- The Washington Times - Wednesday, January 18, 2006

DENVER — Maybe it’s true that the Denver Broncos have been a team playing under the radar this season. At the beginning, though, they were drawing some attention — and lighting up the laugh-o-meter.

That’s what happens when a coach who insists his team is close to the Super Bowl tries to take the next step by:

• Drafting a malcontent running back.

• Trading for a punter with purported steroid issues.

• Signing an aging superstar receiver.

• Making a variety of moves to bring in the entire set of defensive linemen, along with the position coach, from a team that ranked last in the league in rushing defense.

Indeed, Denver’s locker room resembled a three-ring circus five months ago. But now, the Broncos are a win away from going to the Super Bowl. Mike Shanahan is looking like a genius for the chances he took.

And, not surprisingly, the snickering has stopped.

“It’s taking chances,” Shanahan said in a recent interview. “What I do is, if someone’s got a checkered past, I’m not afraid to talk about their checkered past. I let them know I don’t care about their past, I just care about what they do when they come to this football team.”

Some guys made it, some didn’t.

Jerry Rice got his tryout, but couldn’t beat out Darius Watts, who has since fallen to fifth on the Denver depth chart. Rice announced his retirement and is now appearing on ABC’s “Dancing With the Stars” and will be a judge in this weekend’s Miss America Pageant in Las Vegas.

Maurice Clarett got his chance, too. A surprise third-round pick, Clarett was a bust pretty much from the day he reported to Dove Valley. Hurt, not able to fit in with the team, the high-profile running back didn’t make it through the first round of cuts. Clarett is waiting to see if a grand jury will indict him on aggravated robbery charges.

Did the coach feel silly for making these moves?

“You can’t worry about what people say about you,” he said. “You do what’s in the best interest of your organization. Sometimes, it’s taking chances and sometimes when you take chances you make mistakes. You just can’t be afraid to say you made a mistake and you’re going in a different direction.”

But for every mistake Shanahan made this season, there was a success — or two, or three.

Start with punter Todd Sauerbrun.

He was considered poison after his final season in Carolina. Accused of using steroids, in trouble for drunken driving, ridiculed for his running feuds with the Gramatica brothers, he looked like the kind of guy to avoid, no matter how strong his leg.

The Broncos actually went out of their way to get him. They traded their own punter, Jason Baker, and a seventh-round pick and spent more than a few weeks negotiating a contract. This season, Sauerbrun has been solid and quiet. He came in second in team voting for special teams captain.

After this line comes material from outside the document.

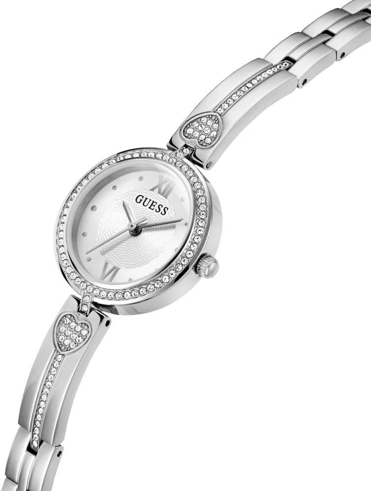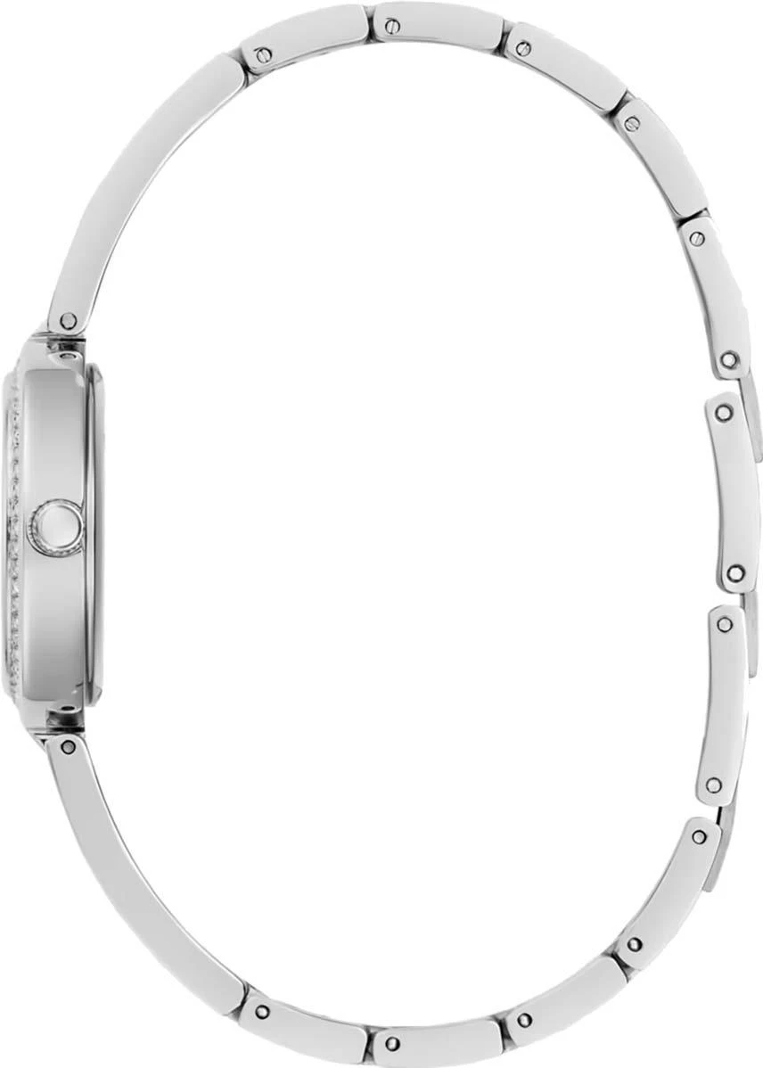 Элегантные женские часы Lovey с круглым стальным корпусом, инкрустированные кристаллами, отличаются нежным мерцанием. Модель оснащена гильошированным циферблатом с метками в виде точек и римских цифр VI и XII, а также рифленой заводной головкой.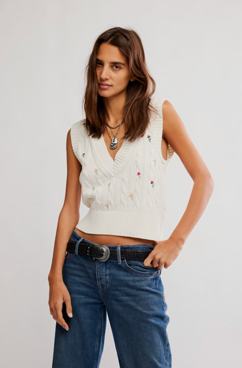 Sweet and classic, the Plumeria Floral V-Neck Vest by Free People features soft cable knit detailing with delicate floral embroidery throughout. Its cropped silhouette and deep V-neckline give a modern twist to a timeless design — perfect for layering or wearing solo.

The biggest news he has made came last week, when he made a tackle on a kickoff and forced a fumble that led to a field goal against New England.

“I gave him the guidelines of what was expected here,” Shanahan said. “And he’s been perfect since the day he got here.”

Nearly lost in all the laughter was Denver’s low-profile decision to sign Ron Dayne to a free-agent contract.

A bust with the Giants, he only made third string in Denver. But he had a key role in winning two of the team’s 13 games this regular season — in Week 2, when he ran for 38 yards during a late, game-winning drive, and on Thanksgiving Day, when his 55-yard run in overtime set up the winning score against Dallas.

Then, the crown jewel: The decision to bring on — in four separate transactions — all four starting defensive linemen from last year’s Cleveland Browns, along with the man who coached them, Andre Patterson.

The Browns were ranked last in the NFL in rush defense in 2004. In the preseason, Patterson and the linemen — Courtney Brown, Gerard Warren, Ebenezer Ekuban and Michael Myers — kept insisting there was more to those stats than meets the eye. Over 17 regular- and postseason games, it turned out they were right.

“Sure, I heard it and you take it personally,” said Warren of the jokes the Denver moves engendered. “But you don’t let it get to you. In Denver, they were willing to give us another chance. You use it as a motivator.”

While their stats have not been overly impressive — Denver’s 28 sacks were third-fewest in the league — their overall production has. With the line creating pressure, if not sacks, the Broncos created 36 turnovers this year, fourth most in the league and 16 more than in 2004.

Now, thanks to all these changes, the Broncos are the envy of the league — one of only four teams left.

That’s hardly something to laugh at.

“In Cleveland, we were always talking about rebuilding, winning the next game,” Warren said. “Here, they talk about winning a championship from Day 1. That’s a big difference, and it’s why I like being here.”